Exercise directions: The whole listing, please: repeat it exactly, with the pictures left out.

------------------------

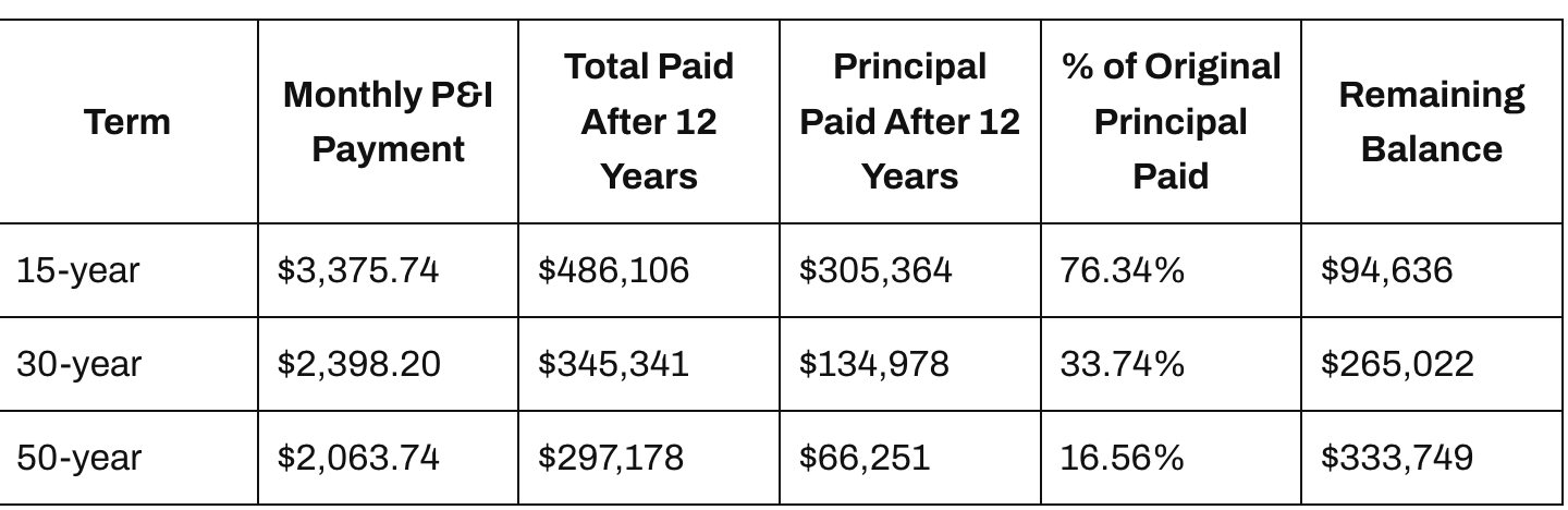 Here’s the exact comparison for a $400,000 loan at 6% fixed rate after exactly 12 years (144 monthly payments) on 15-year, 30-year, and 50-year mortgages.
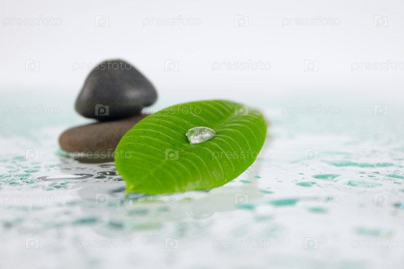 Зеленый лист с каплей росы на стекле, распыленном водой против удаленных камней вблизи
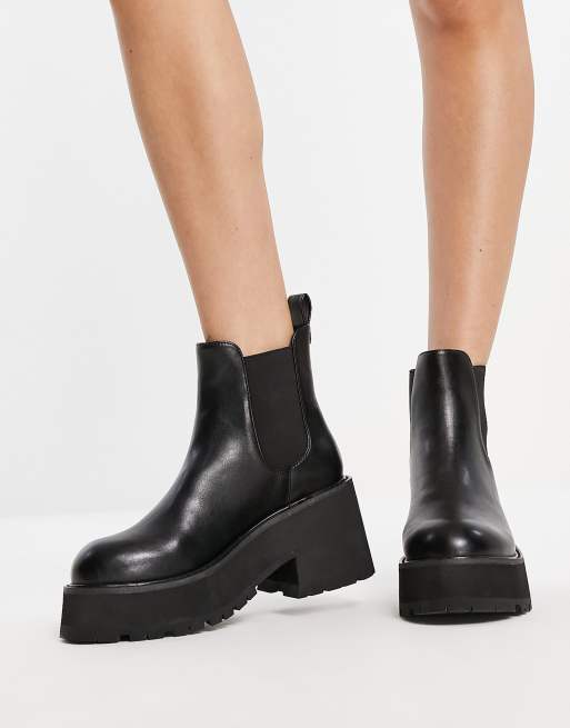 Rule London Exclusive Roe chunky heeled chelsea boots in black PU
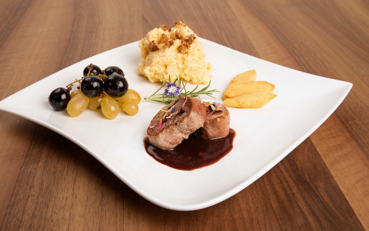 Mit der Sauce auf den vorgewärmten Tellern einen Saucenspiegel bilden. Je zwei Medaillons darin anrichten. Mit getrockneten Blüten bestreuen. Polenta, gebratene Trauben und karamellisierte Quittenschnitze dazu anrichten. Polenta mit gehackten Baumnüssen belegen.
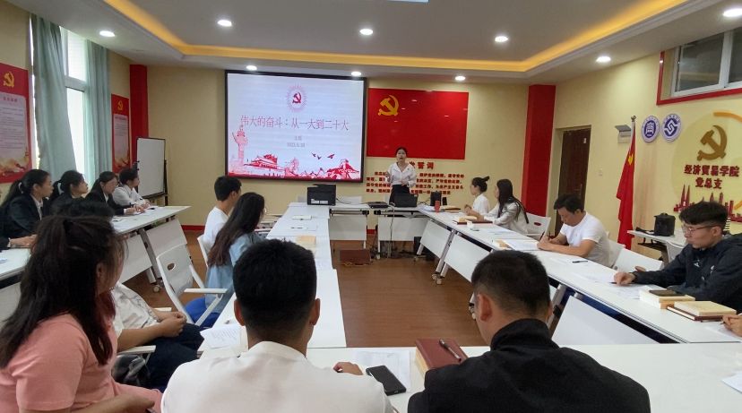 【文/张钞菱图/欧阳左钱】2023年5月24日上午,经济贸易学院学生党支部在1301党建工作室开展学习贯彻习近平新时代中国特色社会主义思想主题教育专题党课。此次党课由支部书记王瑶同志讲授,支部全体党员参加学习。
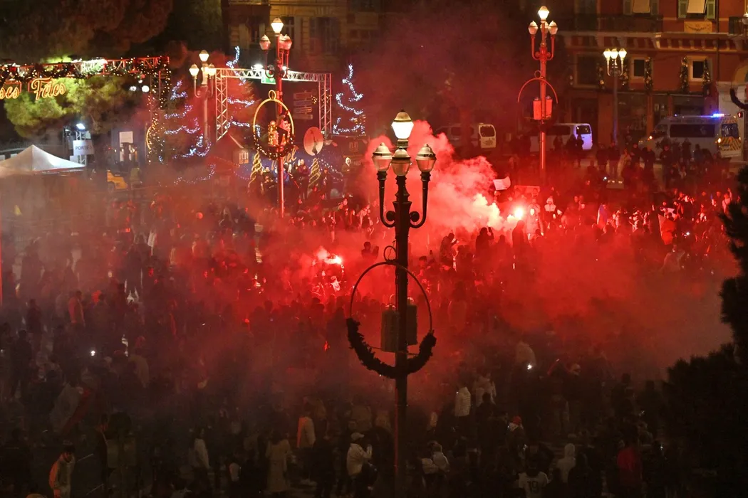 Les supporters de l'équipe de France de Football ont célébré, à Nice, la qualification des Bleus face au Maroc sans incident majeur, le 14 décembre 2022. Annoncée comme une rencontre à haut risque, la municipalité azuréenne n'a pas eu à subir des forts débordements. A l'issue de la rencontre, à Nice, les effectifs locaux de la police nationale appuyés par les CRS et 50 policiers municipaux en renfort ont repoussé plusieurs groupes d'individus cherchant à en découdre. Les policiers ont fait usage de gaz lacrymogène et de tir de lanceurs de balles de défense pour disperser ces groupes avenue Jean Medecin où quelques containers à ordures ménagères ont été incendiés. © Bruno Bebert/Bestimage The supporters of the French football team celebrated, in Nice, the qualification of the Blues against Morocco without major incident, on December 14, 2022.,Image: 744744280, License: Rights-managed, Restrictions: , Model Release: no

------------------------

Result below:
 Here’s the exact comparison for a $400,000 loan at 6% fixed rate after exactly 12 years (144 monthly payments) on 15-year, 30-year, and 50-year mortgages.
 Зеленый лист с каплей росы на стекле, распыленном водой против удаленных камней вблизи
 Rule London Exclusive Roe chunky heeled chelsea boots in black PU
 Mit der Sauce auf den vorgewärmten Tellern einen Saucenspiegel bilden. Je zwei Medaillons darin anrichten. Mit getrockneten Blüten bestreuen. Polenta, gebratene Trauben und karamellisierte Quittenschnitze dazu anrichten. Polenta mit gehackten Baumnüssen belegen.
 【文/张钞菱图/欧阳左钱】2023年5月24日上午,经济贸易学院学生党支部在1301党建工作室开展学习贯彻习近平新时代中国特色社会主义思想主题教育专题党课。此次党课由支部书记王瑶同志讲授,支部全体党员参加学习。
 Les supporters de l'équipe de France de Football ont célébré, à Nice, la qualification des Bleus face au Maroc sans incident majeur, le 14 décembre 2022. Annoncée comme une rencontre à haut risque, la municipalité azuréenne n'a pas eu à subir des forts débordements. A l'issue de la rencontre, à Nice, les effectifs locaux de la police nationale appuyés par les CRS et 50 policiers municipaux en renfort ont repoussé plusieurs groupes d'individus cherchant à en découdre. Les policiers ont fait usage de gaz lacrymogène et de tir de lanceurs de balles de défense pour disperser ces groupes avenue Jean Medecin où quelques containers à ordures ménagères ont été incendiés. © Bruno Bebert/Bestimage The supporters of the French football team celebrated, in Nice, the qualification of the Blues against Morocco without major incident, on December 14, 2022.,Image: 744744280, License: Rights-managed, Restrictions: , Model Release: no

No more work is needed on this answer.